**Work request:** Only an exact repetition is needed: the lines from the start of the listing below through the line that contains "Light Brown Wood", pictures omitted.

═════ Data block ═════

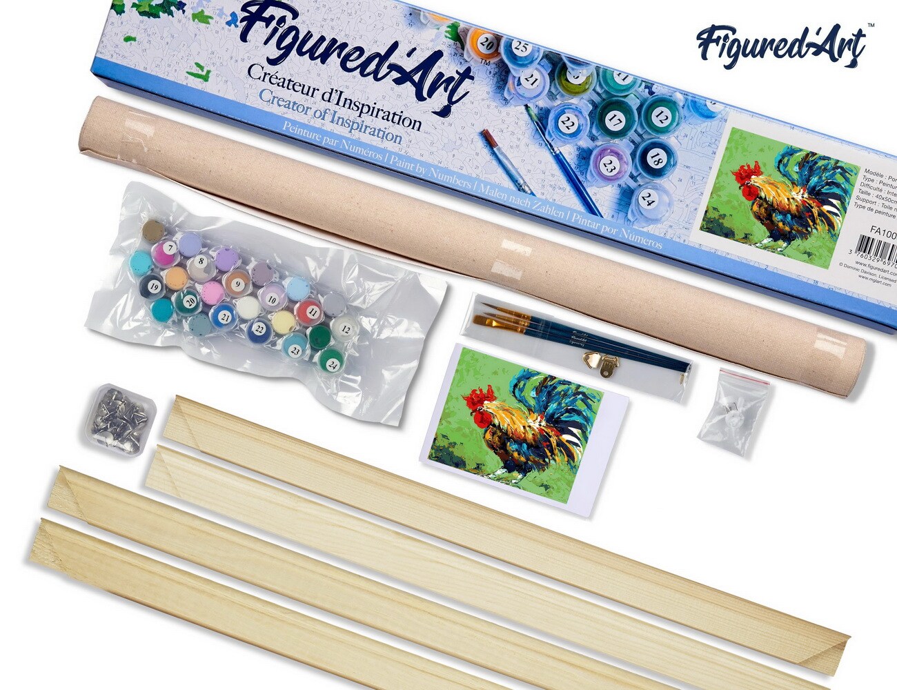 Figured'Art Paint by Numbers Kit for Adults Rooster 16"x20" - Craft Art Painting Rolled Canvas with DIY wooden frame
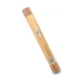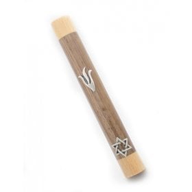 Light Brown Wood Mezuzah Case - Shin and Colored Breastplate in Silver Pewter$18.62 - $23.30 -
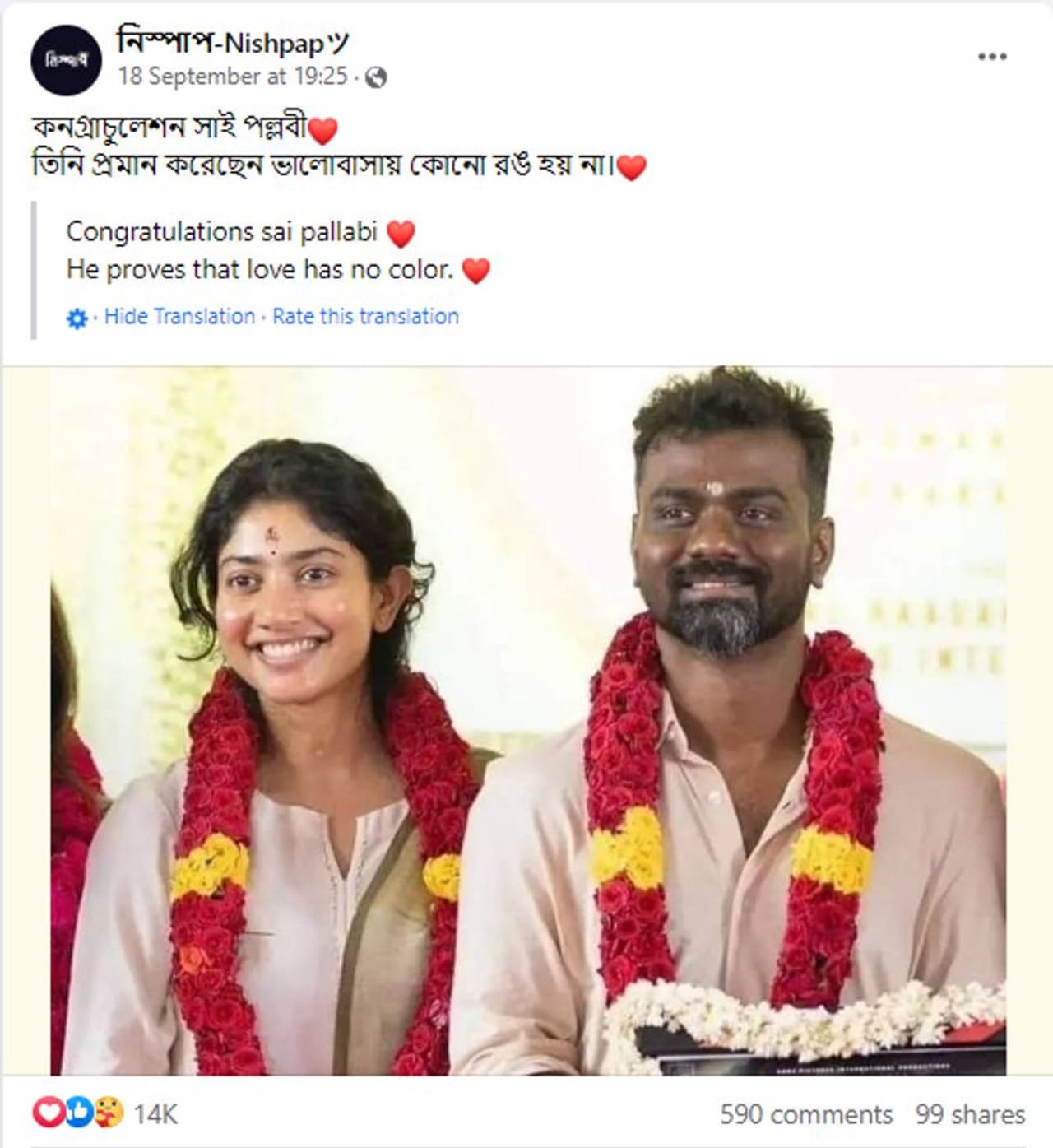 സായ് പല്ലവിക്ക് അഭിനന്ദനങ്ങള്, പ്രണയത്തിന് നിറമില്ല എന്ന് സായ് പല്ലവി തെളിയിച്ചു എന്നുമാണ് ഒരു ചിത്രം സഹിതം ഫേസ്ബുക്കിലും മറ്റും പ്രചരിക്കുന്നത്

═════

**Problem solution:**
 Figured'Art Paint by Numbers Kit for Adults Rooster 16"x20" - Craft Art Painting Rolled Canvas with DIY wooden frame
 Light Brown Wood Mezuzah Case - Shin and Colored Breastplate in Silver Pewter$18.62 - $23.30 -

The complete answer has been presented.